Он много ездил по свету, но не как путешественник. Просто он жил одной жизнью с окружающими его людьми, как бы не называлась эта страна. И память о чистом, огромном, прекрасном мире осталась навсегда в его книгах.

Он никогда не мог забыть запаха даже брошенных индейских поселков, где жили друзья его детства. Сладковатого, и слегка тошнотворного запаха душистых трав, дыма и свежевыделанных шкурок и треска огромных тигровых поленьев, которые зажигали в камине родного дома, а он и его сестра Марселайн пели при свечах спиричуэлс, духовные гимны.

Перед его глазами часто вставали белые снега и голубые блетчеры Фор Арльберга, где он когда-то проводил лыжный сезон. В те годы он почти всегда был голоден, поэтому так ясно запомнились тушеный заяц с густым соусом из красного вина, оленина с каштановым соусом, темное или светлое пиво и дешевое вино. После прогулки на лыжах по блестящему пушистому снегу и скрипящей на морозе дороги все это казалось удивительно вкусным. В погребке сидели крестьяне в башмаках с шипами, одетые облаками табачного дыма и пели песни горцев. И сам Хемингуэй, чья обледеневшая борода еще не успевала оттаять, присоединял свой голос к поющим.

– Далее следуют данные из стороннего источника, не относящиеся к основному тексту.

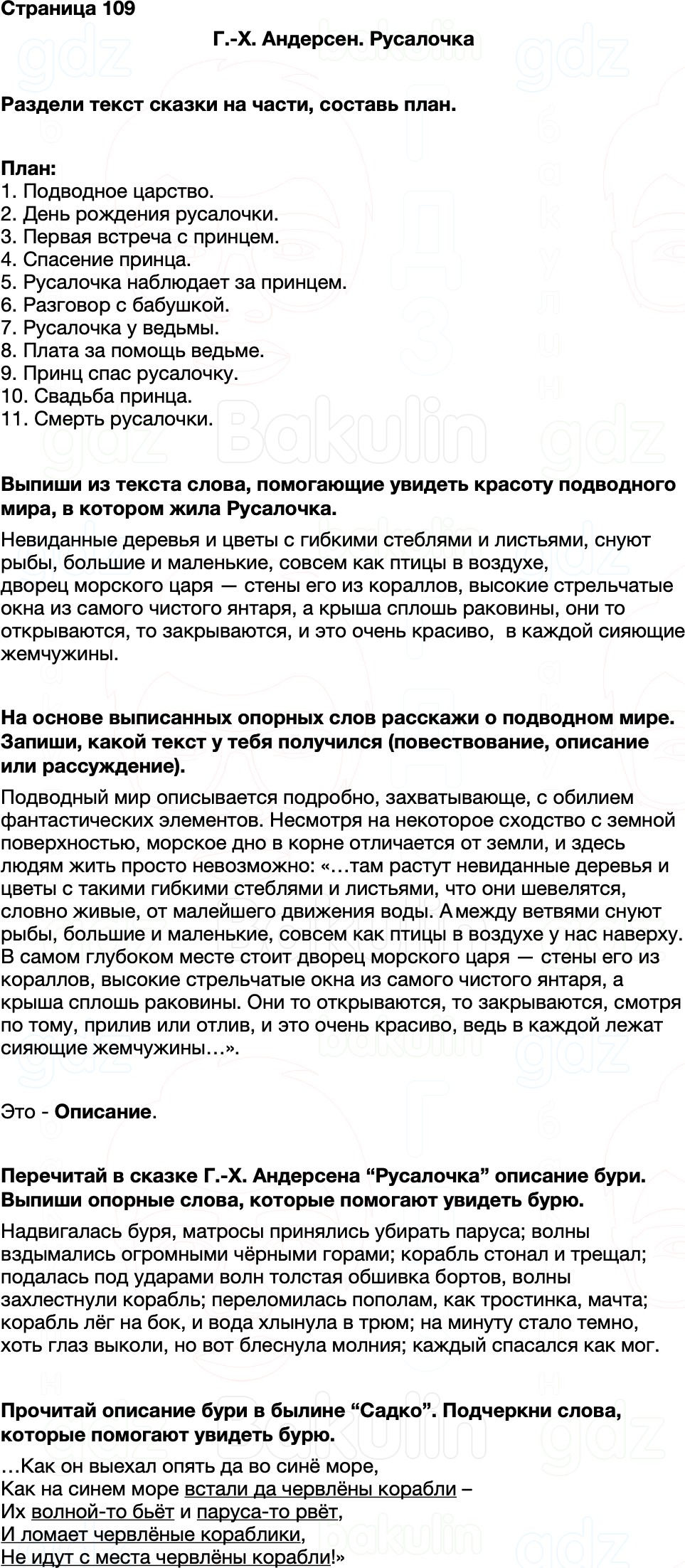 Правильный ответ к заданию ГДЗ Рабочая тетрадь Литературное чтение 4 класс Бойкина, Виноградская к учебнику Канакина, Горецкий Школа России
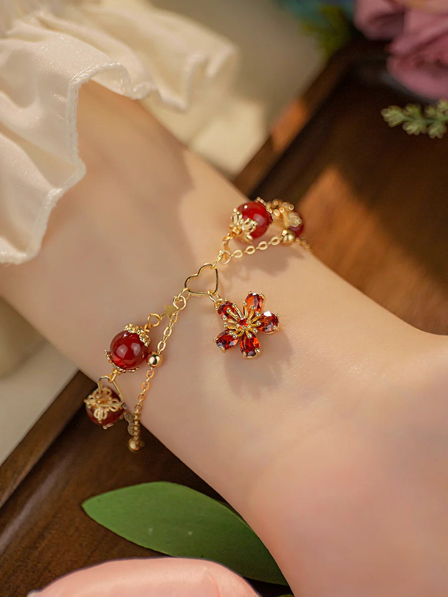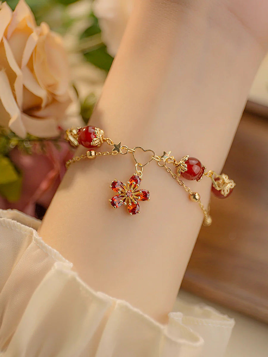 Five-Petal Flower Red Agate Bracelet
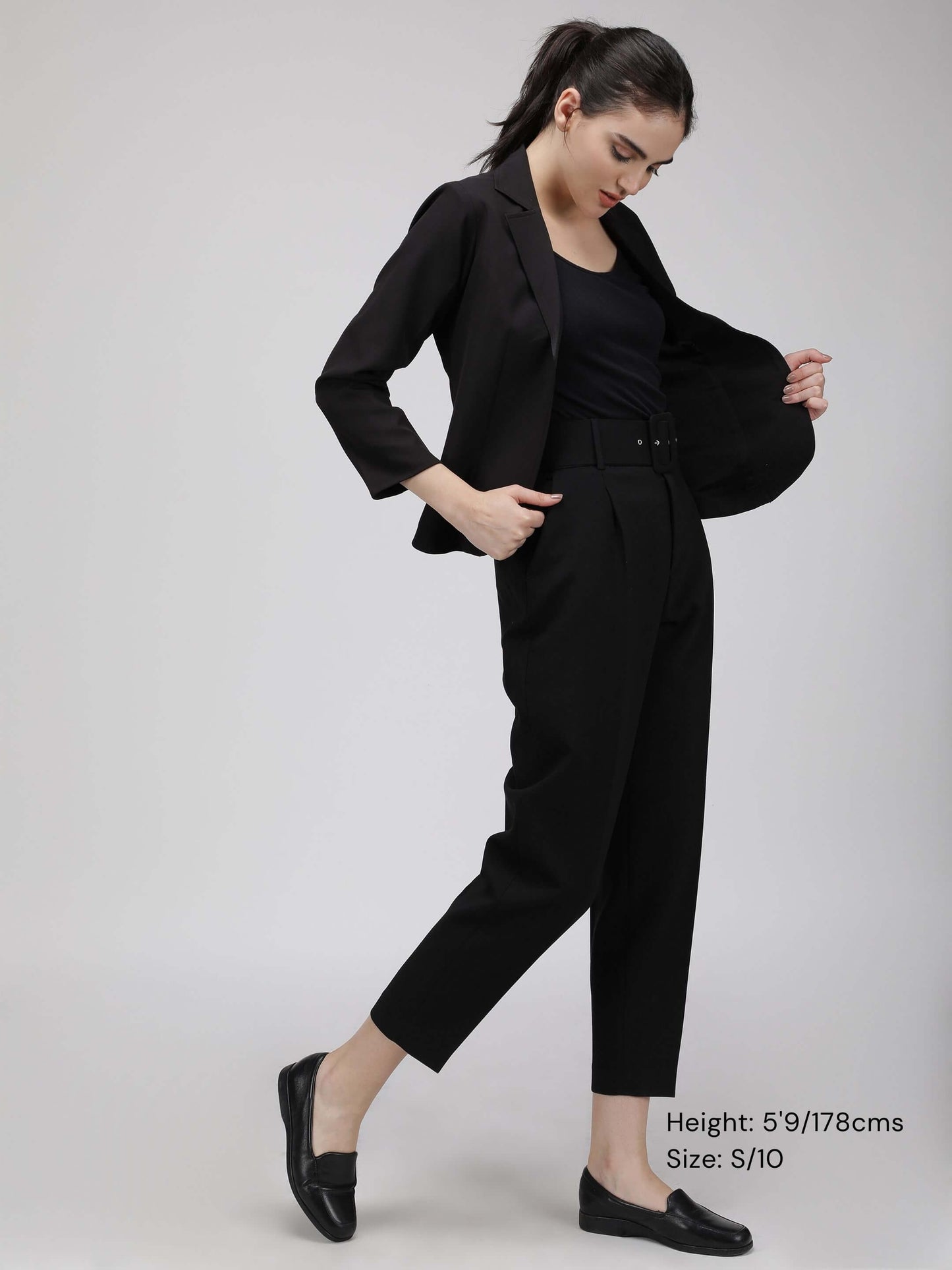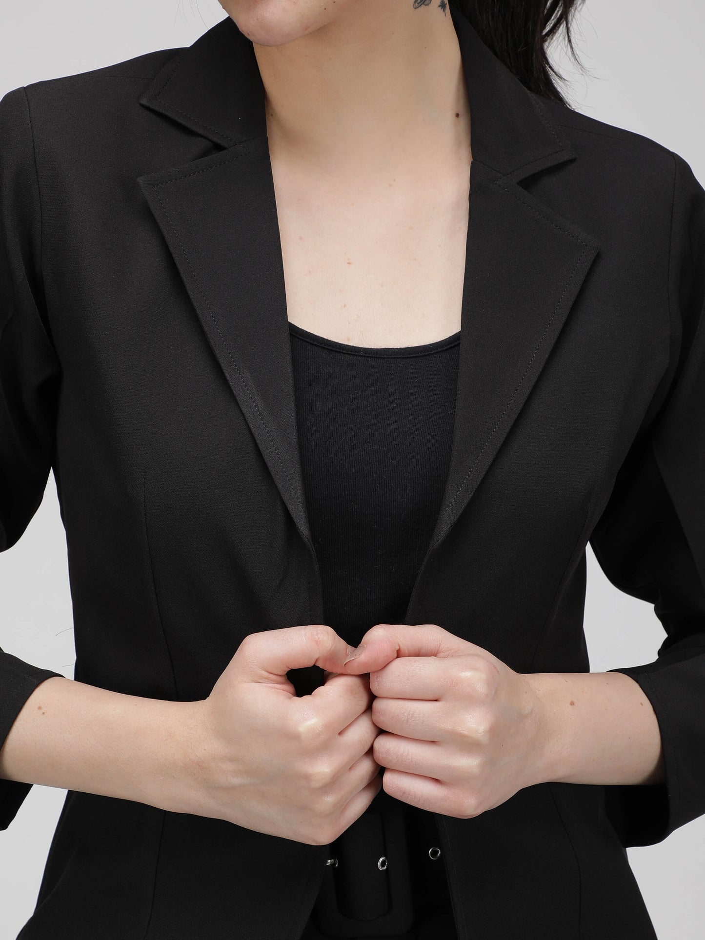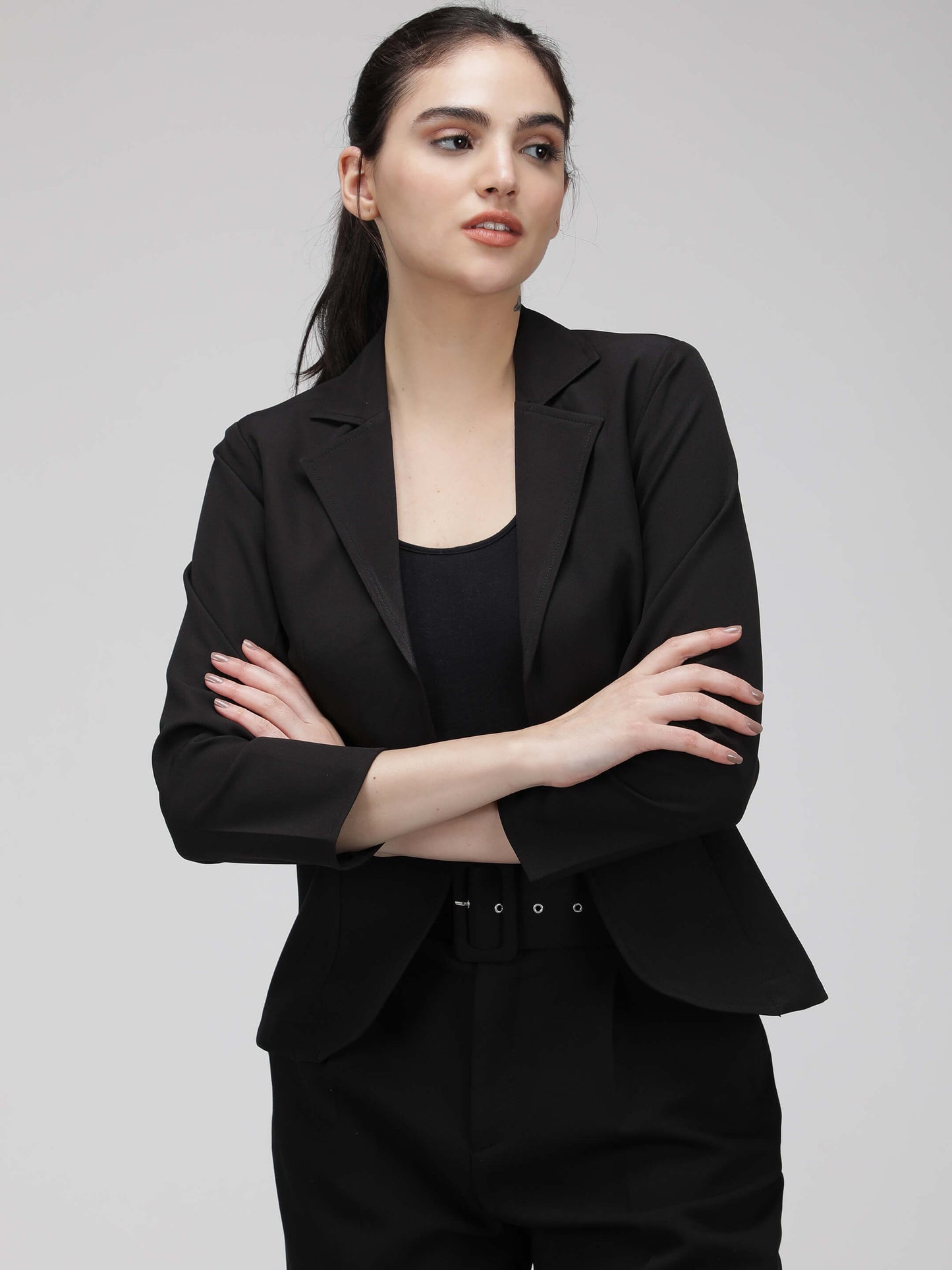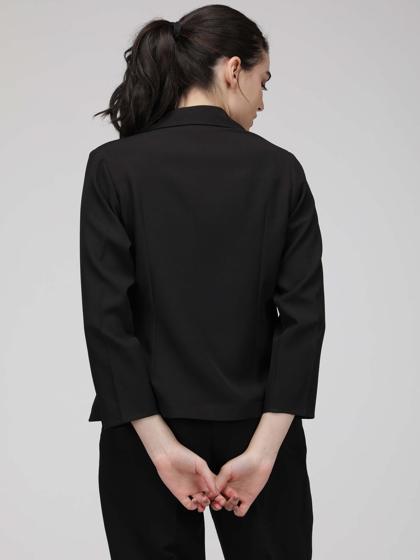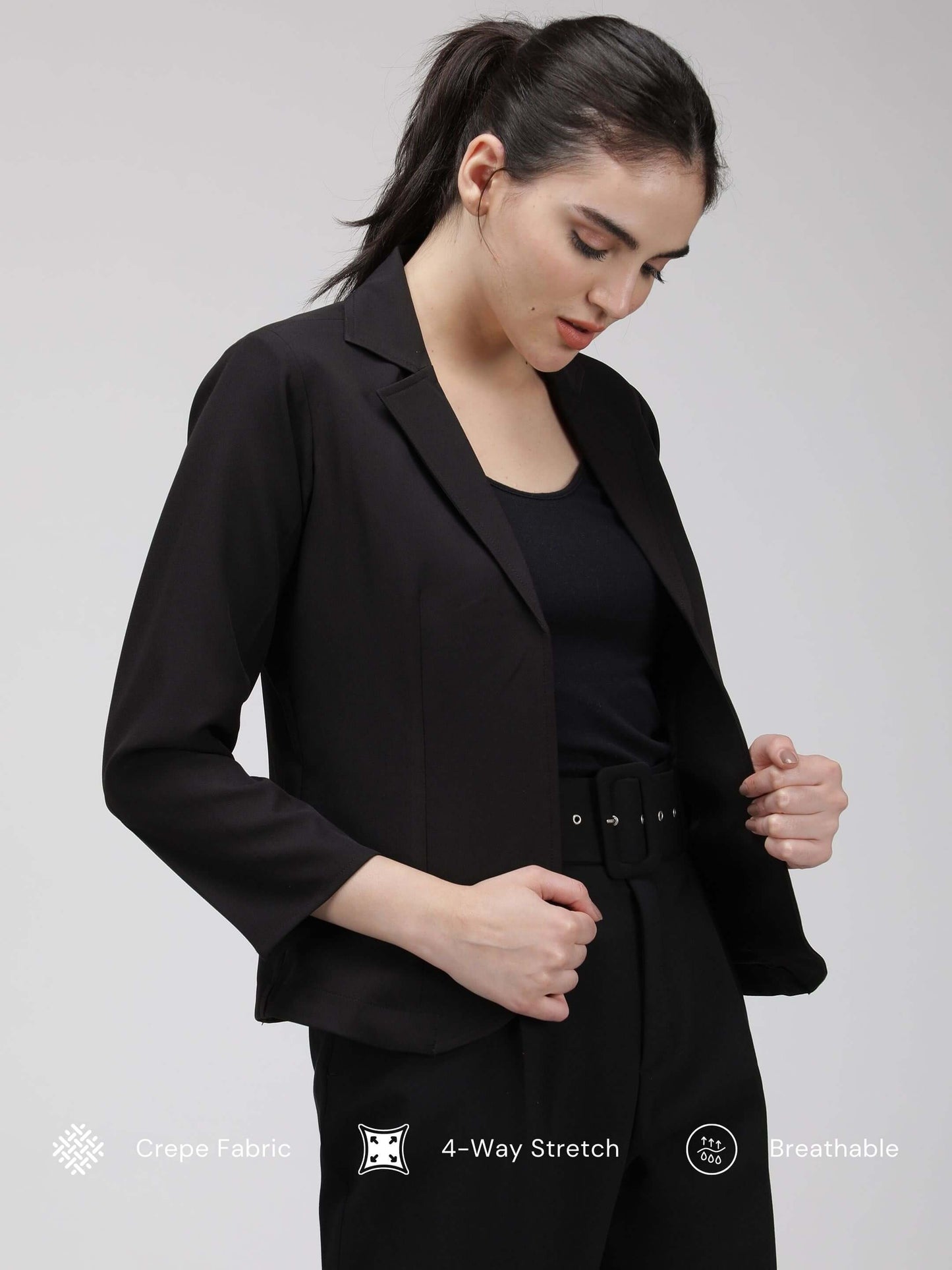 This stylish Black blazer is crafted from a polyester crepe fabric with a 4-way stretch for comfort and flexibility. It features a classic notched lapel and a satin lining for a formal look..
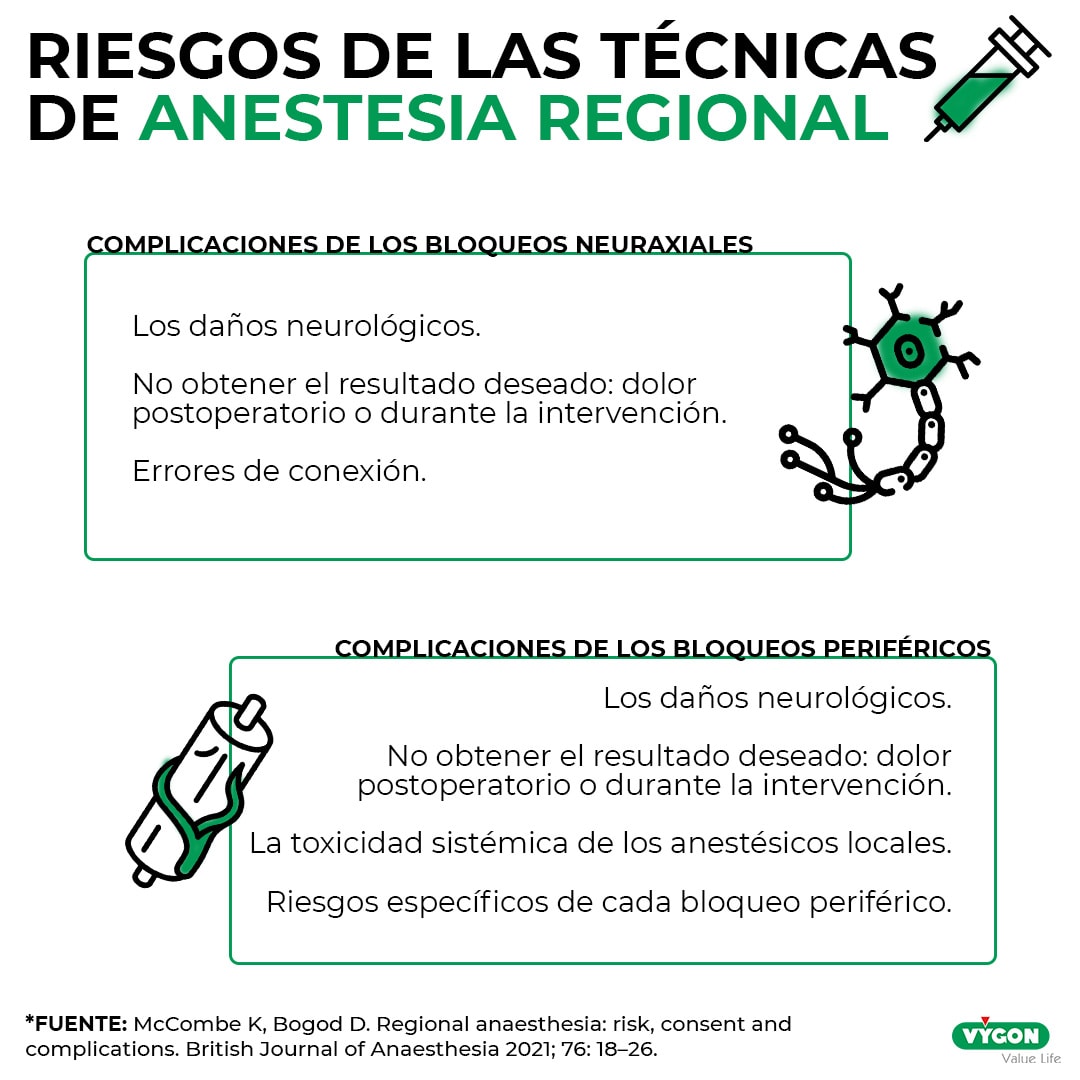 Sin embargo, es evidente que la anestesia regional también implica riesgos y complicaciones concomitantes que no podemos olvidar. Los riesgos de la anestesia regional están relacionados principalmente con la naturaleza técnica del procedimiento, siendo el principal de ellos el neurológico. Aunque es poco frecuente, la relación directa entre el daño nervioso y el procedimiento en sí significa que los pacientes deben ser conscientes de esta complicación cuando se solicita el consentimiento.
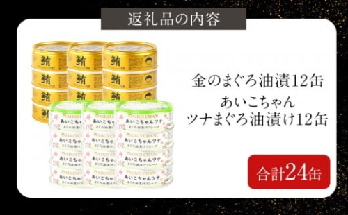 あいこちゃん金のまぐろ油漬12缶&あいこちゃんツナ油漬12缶 合計24缶 缶詰 備蓄 無添加 防災 静岡 保存食 非常食 常温
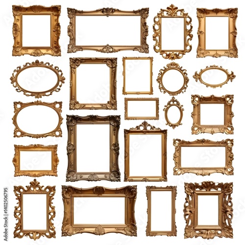 picture frame, frame, gold, ornate, antique, vintage, baroque, rococo, gilded, collection, set, isolated, white background, design element, decoration, gallery
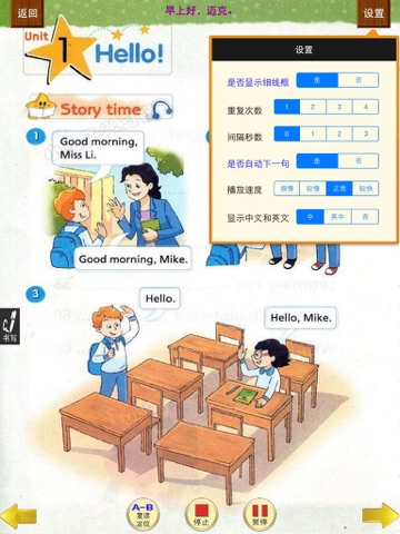 本程序除了像普通点读机一样能点读课本外,还能设置【是否自动下一句】、【朗读重复次数】、【朗读延时间隔】、【显示中文和英文】功能。

Вспоминались сверкающие на солнце белые небоскребы Гаваны, города богачей и революций. И ночные огни и зарево над городом, по которым он ориентировался, если на его яхте "Пилар" ему случалось заплыть слишком далеко от берега.

Африка его счастливых лет. Длинные золотистые берега и белые отмели, такие белые, что больно глазам. Ревущие прибои и огромный ветер, летящий над Африкой. И Килиманджаро, покрытая вечными снегами горная вершина, которую местные жители называют Нгае-Нгаэ, что значит дом Бога.

И, чаще всего, вспоминались женщины, кто дышит рядом с ним, чьи волосы, словно водопад отгораживают от него свет, а ночью, особенно перед рассветом, блестят как тусклое цветущее золото.

И еще вспоминалась Испания. Мадрид, белый и красивый, стоящий там, за горами, далеко от серых скал и сосен, от вереска и дрока по ту сторону желтого плоскогорья.

Но эти воспоминания приходили редко, и он их не любил. Там, в холодной земле, где снег метет по оливковым рощам, спят американцы, павшие за Испанию и, ставшие частью испанской земли. Было холодно, когда они умерли, и с тех пор, они не замечают смены времен года.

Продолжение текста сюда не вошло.